À première vue, une telle double promesse semble en phase avec le tourbillon de gros titres nationaux et internationaux marquant le début d’un nouveau chapitre pour l’Inde et la Chine dans la résolution de leurs différends. Cependant, à y regarder de plus près, cette bonhomie semble alourdie par de multiples facteurs, notamment leur leadership.
Le moment choisi pour ces développements « positifs » est également particulièrement remarquable : dans un contexte d’engagements florissants entre l’Inde et les États-Unis et du retour imminent de Donald Trump à la présidence des États-Unis. Trump a déjà indiqué une trajectoire difficile à suivre avec Pékin, les faucons chinois étant ses choix en matière de sécurité nationale. Même vis-à-vis de l'Inde, l'imprévisibilité de Trump entraînera des défis, la solution immédiate et simple de New Delhi réaction positive malgré la victoire de Trump. La façon dont la triangularité Chine-Inde-États-Unis se déroulera dans les mois et les années à venir serait l’un des récits les plus convaincants à surveiller dans le paysage régional et mondial.
Face à ce scénario, quelles sont les attentes pour l’année 2025 ? Dans quelle mesure le dégel soutiendra-t-il les relations sino-indiennes en 2025 et au-delà ? La nouvelle administration Trump peut-elle brouiller les pistes de la chaleur naissante des relations entre la Chine et l’Inde ? Ou est-ce que les affaires continueront comme d’habitude ? Quelle est la place du Sud dans cette saga sans fin de rivalité entre l’Inde et la Chine ?

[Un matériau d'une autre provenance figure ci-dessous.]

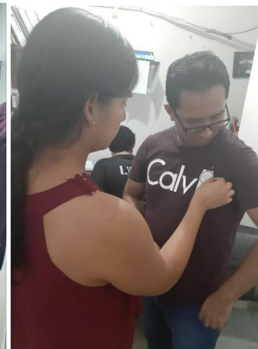
Entrega de distintivos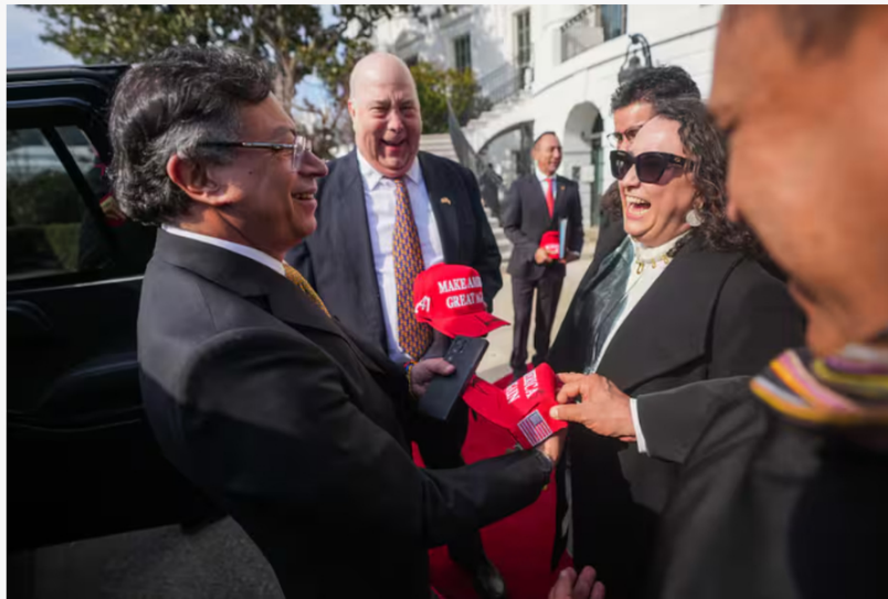
El presidente Gustavo Petro a la salida del encuentro con Donald Trump, su homólogo estadounidense.

puerto por la vida, como lo dijo a Trump, en las Américas, para mí, eso pone una “s” a la cachuchita roja que él me regaló, donde habla de una gran América, pero son las Américas, que deben ser grandes, todas... En esa medida creo que fue buena la reunión y que habrá más tensiones, pero aprenderemos a convivir en un mismo continente siendo diferentes.

Le dégel vers nulle part ? Les relations sino-indiennes sont centrées sur le leadership
Il ne fait aucun doute que la réalité sino-indienne reste ancrée dans une méfiance mutuelle. Par exemple, non seulement il y a eu une absence de déclarations communes, mais il y a aussi des divergences dans les dernières déclarations des deux parties en décembre. Le Côté indien s’en est tenu à une version quelconque qui ne va fondamentalement pas au-delà de l’accord de désengagement d’octobre, avec de vagues indications (« direction positive ») sur l’amélioration de la coopération transfrontalière (bien que sur des questions mineures allant du commerce au pèlerinage religieux du mont Kailash et du lac Mansarovar). , qui traverse le Tibet contesté).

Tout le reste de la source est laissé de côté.